⟨
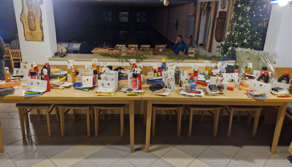 Auch in diesem Jahr gab es wieder eine große Auswahl an Preisen für unser Weihnachtskegeln
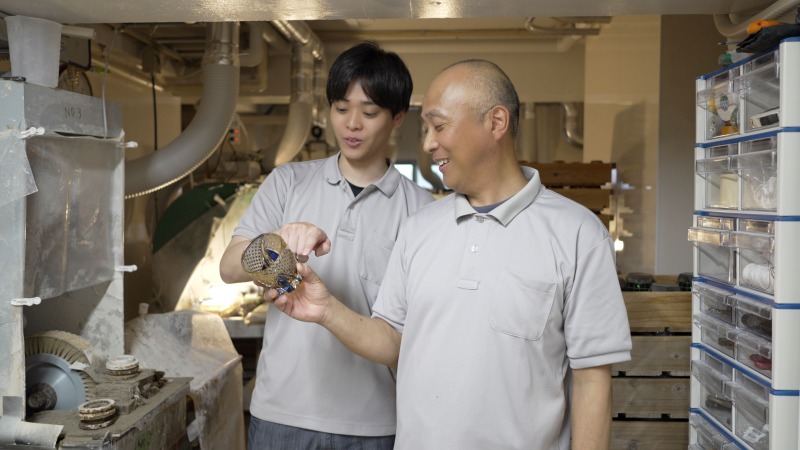 伝統工芸士として数々の賞を受賞し独創的な江戸切子を作り上げてきました。そしてその技術と伝統を受け継ぎ、新しい形の江戸切子を生み出す、鍋谷海斗氏。親子ふたりで手がけた作品になります。
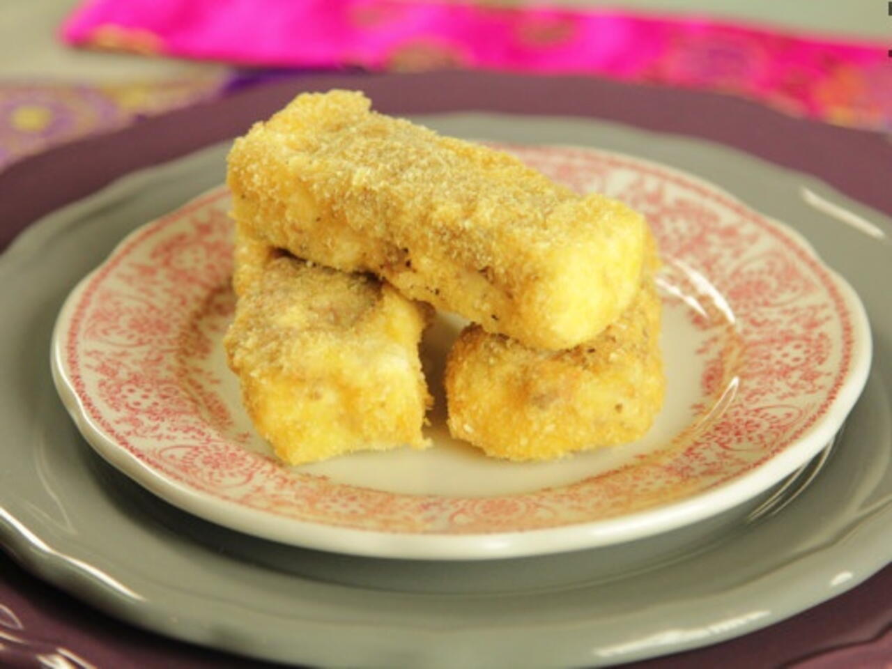 Сиренето се нарязва на 5-6 еднакви парчета. Ядките се мелят на фино и смесват със босилек и чесън. Яйцата се разбиват в купа. Всяко сирене се намокря добре с вода и овалва в ореховите ядки като внимателно се притиска. Овалва се след това в галета, разбити яйца и картофено пюре.
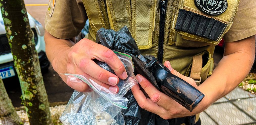 Diante disso, os militares entraram no local e localizaram drogas e um simulacro. O jovem sem perceber que a guarnição voltou ao local e no momento em que buscava a droga foi detido.
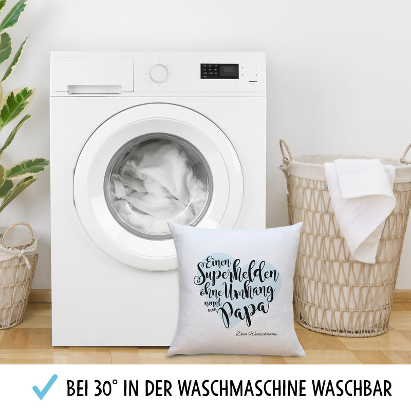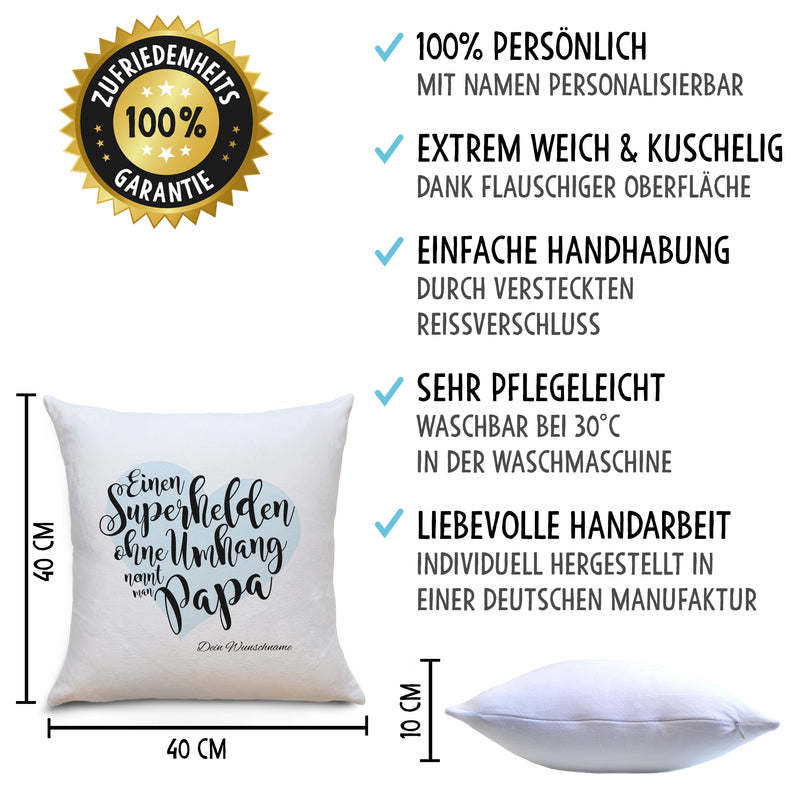Superheld Papa Flauschiges Kissen mit Motiv Personalisiert mit Namen Geschenke Geschenkideen für Papa zum Geburtstag Weihnachten Zierkissen mit Füllung
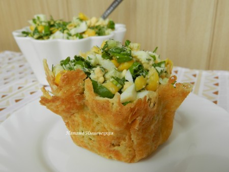 Сырные корзинки можно заполнить любым салатом по вашему вкусу и у вас получится оригинальная закуска.
⟩
REQUIRED ACTION:
Nothing but the pictures should be left out when the records are retyped exactly.

RESULT OF THE TASK:
 Auch in diesem Jahr gab es wieder eine große Auswahl an Preisen für unser Weihnachtskegeln
 伝統工芸士として数々の賞を受賞し独創的な江戸切子を作り上げてきました。そしてその技術と伝統を受け継ぎ、新しい形の江戸切子を生み出す、鍋谷海斗氏。親子ふたりで手がけた作品になります。
 Сиренето се нарязва на 5-6 еднакви парчета. Ядките се мелят на фино и смесват със босилек и чесън. Яйцата се разбиват в купа. Всяко сирене се намокря добре с вода и овалва в ореховите ядки като внимателно се притиска. Овалва се след това в галета, разбити яйца и картофено пюре.
 Diante disso, os militares entraram no local e localizaram drogas e um simulacro. O jovem sem perceber que a guarnição voltou ao local e no momento em que buscava a droga foi detido.
Superheld Papa Flauschiges Kissen mit Motiv Personalisiert mit Namen Geschenke Geschenkideen für Papa zum Geburtstag Weihnachten Zierkissen mit Füllung
 Сырные корзинки можно заполнить любым салатом по вашему вкусу и у вас получится оригинальная закуска.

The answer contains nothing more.